Whither data governance?

I have been approached four times in the last few weeks by VCs wanting to talk to me about data governance. That’s more approaches than I usually get in a year. The question is why?

The first answer is that there is some consolidation going on. Trillium got acquired by Syncsort, Informatica acquired Daiku and rumour has it that another well-known player in the data governance (and migration) space is also up for sale.

But I think this is a symptom rather than a cause.

Another possible answer is what Henri Peyret at Forrester Research has called Data Governance 2.0. This is essentially about organisations sharing collaboratively within a data governance framework that spans partners, data providers and so forth. I like the idea, but most companies haven’t got their own house in order let alone thinking about working collaboratively. So, no, I don’t think this is behind current trends in the market.

A third thing to consider is technology. Historically, there have been two halves to data governance: there was data quality and stewardship on the one hand and policy creation and management on the other. And vendors tended to be in one camp or the other. This is changing. It is why Informatica, which did the former, acquired Diaku, which did the latter: merging (well, ultimately) the two products into what Informatica calls an Enterprise Data Governance (EDG) solution. But it is also worth considering another company with an EDG solution: notably TopQuadrant. The interesting thing about TopQuadrant is that it comes at data governance from a semantic perspective. And whereas Diaku (and others) uses a graph database to help explore and visualise relationships within a data governance perspective, TopQuadrant goes more deeply by using an RDF database that truly works at a semantic level.
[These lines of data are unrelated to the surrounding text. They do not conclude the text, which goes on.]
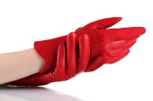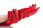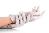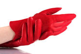 Kobiet w ręce w czarne skórzane rękawice na białym tle
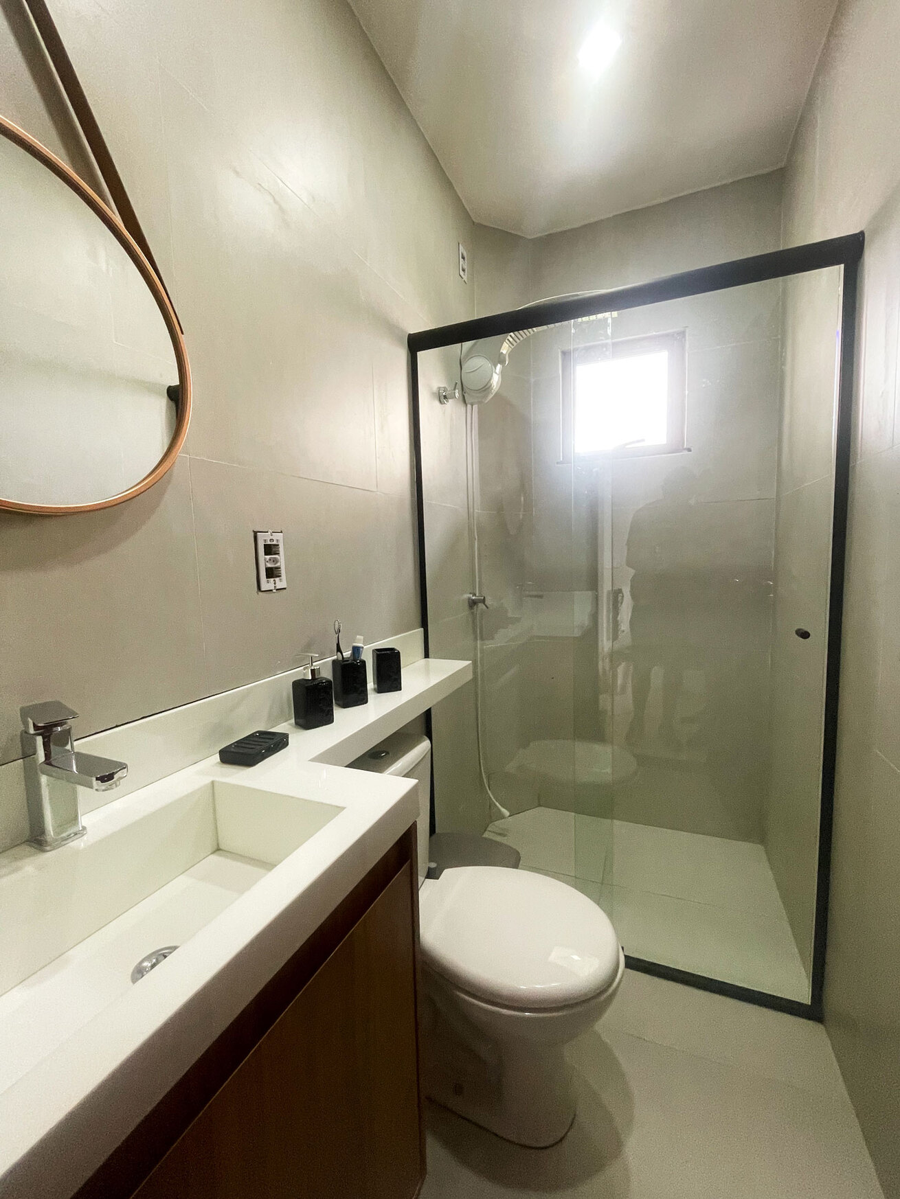 - O banheiro têm chuveiro elétrico e box de vidro/acrílico
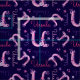 Modern decorative hand drawn graphic monogram initial letter U and name repeat patterned fabric. Doodle art monogrammed letter U hand drawn design with flowers and hearts. Customize with your own letter U name choice (please note not all names will fit due to the nature of the font) currently reads Ursula other name lengths are available, if you need assistance contact me, I am happy to post one for your name. Fabric in shades of pink and purple on a navy dark blue background which can be changed if required. A great way to personalize your sewing and quilting projects. Ideal for a girls personalized named sewing projects. Original art and design by Sarah Trett for www.mylittleeden.com
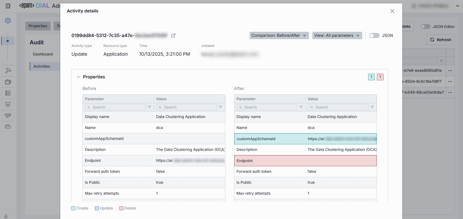 | Parameters Diff | Side-by-side comparison of app fields values before and after the change. Color-coding is used to indicate the operation type (Update, Create, Delete). |
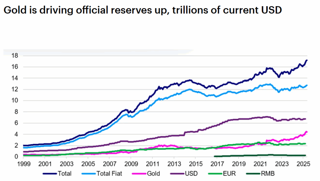 “Chỉ số DXY đi ngang từ giữa năm, trong khi lợi suất trái phiếu kho bạc Mỹ kỳ hạn 30 năm cũng ổn định,” báo cáo nêu. “Động lực chính đến từ ngân hàng trung ương toàn cầu tăng mạnh dự trữ vàng, chuyển dịch khỏi tiền pháp định.”
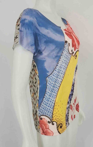 ANIMAPOP Blue Red Multi Made in Italy Print Short Sleeves Size SMALL (S) Top
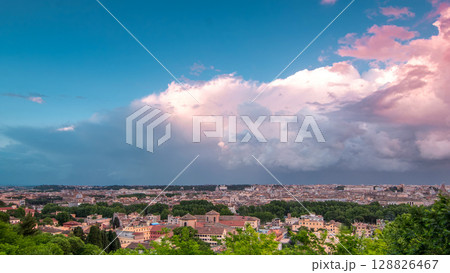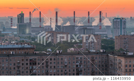 Cityscape timelapse, residential buildings, park areas, smoking pipes in distance, horizon, morning mist before sunrise, Moscow, Russia
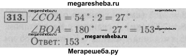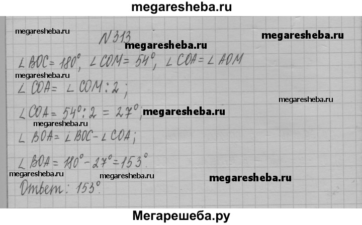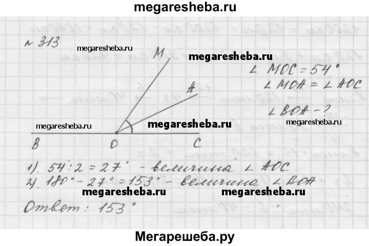 313. Луч OA является биссектрисой угла СОМ, ∠ СОМ - 54° (рис. 101, 6). Вычислите градусную меру угла BOA.
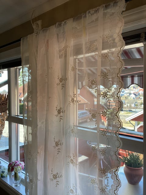 Hvit gardin med blomster
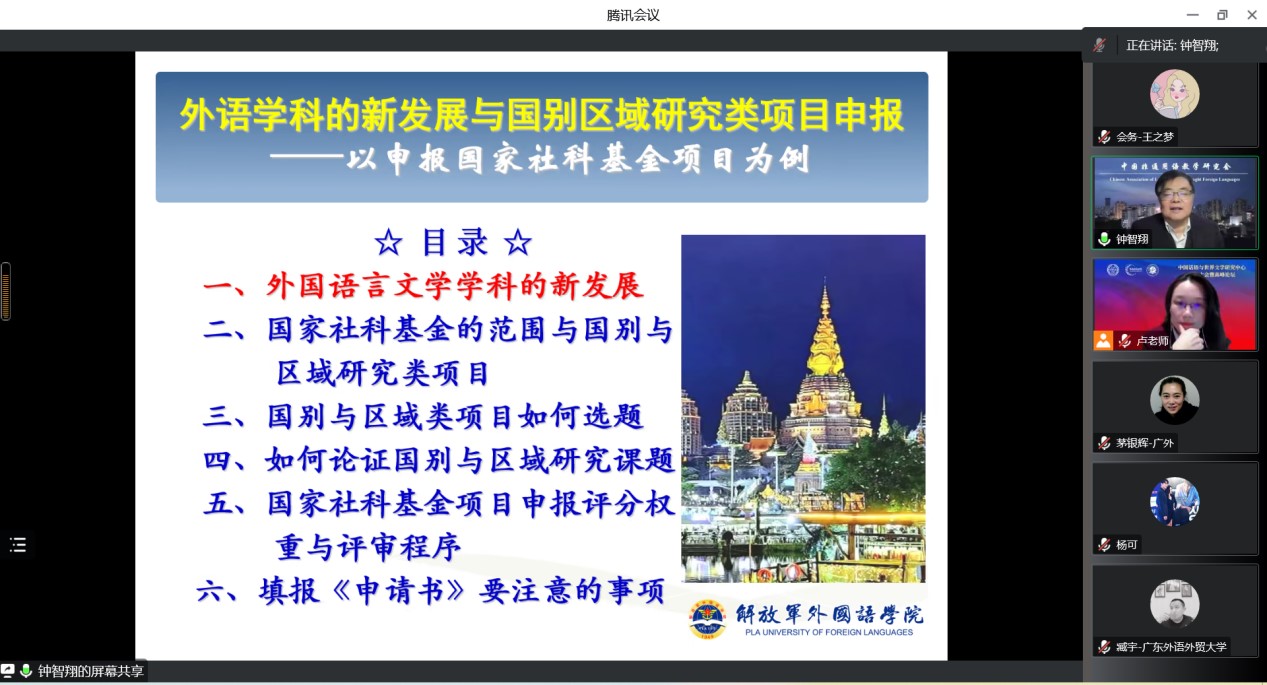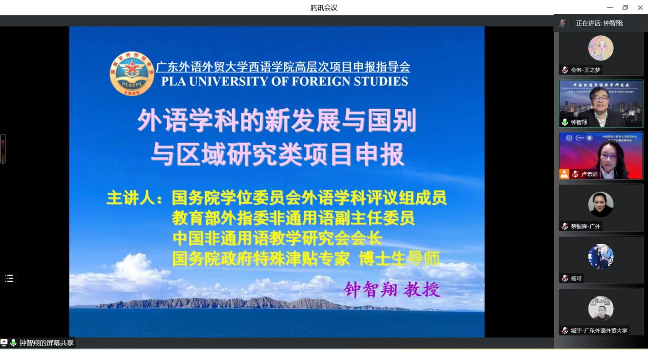本网讯 12月27日晚,西语学院举办2023年度高层次项目申报第二次指导会,信息工程大学钟智翔教授应邀针对国家社科基金项目申报作了题为“外语学科的新发展与国别区域研究项目申报”的指导。近40位教师通过腾讯会议参与此次指导会,会议由卢铭君副院长主持。
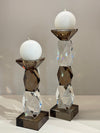 İkili Kristal Uzun Prizma Şamdan Şeffaf Bronz
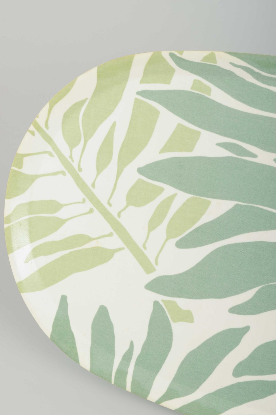 Oval serveringsbakke i formpresset træ med pålimet laminat. Dekoreret med bladmotiv i grønne og lysegrønne nuancer.

That’s interesting but do I think technology is the answer? I don’t think so. It’s an enabler, certainly. But I don’t think it’s why so much interest is being expressed in data governance. Nope, the answer is big data or, more specifically, data lakes.

You might express disbelief at this suggestion but I will explain. Many organisations have stopped playing around with data lakes and want to start using them seriously. And this means understanding both the data and metadata therein, which in turn requires governance. But, and this is the key point, this is not governance as we have historically known it. In the past, governance has been about compliance with appropriate regulations and it has been about the accuracy and timeliness of your data. It still is about those things: you will still need to comply with GDPR, even if you don’t like it. But data governance in this context is essentially about avoidance: trying to ensure that bad things don’t happen. It’s the sort of thing that companies do with reluctance rather than enthusiasm. However, when it comes to the governance and management of data lakes there is another, much more positive aspect to data governance, which is that the data cataloguing and data preparation involved, enable productivity, self-service and automation. And companies like that and will invest in it. And that’s why (enterprise) data governance is hot and getting hotter.